USER>set ^a("12345678901234567900")="numeric index"
USER>zw ^a
^a(12345678901234567800)="numeric index"
^a(12345678901234567870)="numeric index"
^a("12345678901234567874")="string index"
^a("12345678901234567876")="string index"
^a(12345678901234567880)="numeric index"
^a(12345678901234567890)="numeric index"
^a(12345678901234567900)="numeric index"
^a("01234567890123456780")="noncanonical index"
^a("09")="noncanonical index"

Note that strings containing canonical numbers with 20 significant digits (i.e., "12345678901234567874" and "12345678901234567876") have quotes around them because Caché cannot convert them to numeric format without rounding the low order significant digit into a zero digit. Note also that strings containing non-canonical numeric representation (i.e., "01234567890123456780" and "09") appear last with quotes around the subscript values because these string indices collate as string values. If you do arithmetic on the 20 digit canonical arithmetic strings (e.g., +"12345678901234567874" and +"12345678901234567876") then they will be treated as having the value of nearest decimal number with 19 significant digits (i.e., values 12345678901234567870 and 12345678901234567880 respectively.)

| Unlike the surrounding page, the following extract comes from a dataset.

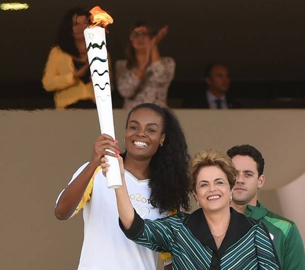 Rousseff, de 68 años, fue la encargada de pasar el fuego olímpico a Fabiana Caldino, bicampeona olímpica de voley, que descendió la rampa del Palacio de Planalto para comenzar a correr con la antorcha en alto por las calles de Brasilia, rodeada por miles de personas que la alentaban.
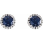14k White 3.5 Mm Natural Blue Sapphire & 1/10 Ctw Natural Diamond Earrings

Note: given two canonical numeric strings then the COS "sorts after" operator, ]], returns 1 if the first canonical numeric string operand is greater-than than the second canonical numeric string operand. (I.e., the "]]"-operator returns 1 if the first string operand collates after the second string operand.) This greater-than collation when applied to canonical numeric strings is correctly computed regardless of the number of significant digits in the canonical numeric strings. However, using the COS numeric "greater-than" operator, >, will first convert the operands to numeric representation with only 18.96 digits of precision before doing the numeric comparison.

Examples:
USER>write "12345678901234567874" ]] "12345678901234567870"
1
USER>write "12345678901234567874" > "12345678901234567870"
0
The second write statement returns 0 because the numeric ">" operator rounds it first operand to 19 significant digits which will compare equal-to the numeric value 12345678901234567870.

Summary: When it comes to collating canonical numeric strings, the number of significant digits supported is limited only by the string length. When it comes to doing decimal arithmetic in Caché, the computational results are rounded so they have less than 19 decimal digits of precision.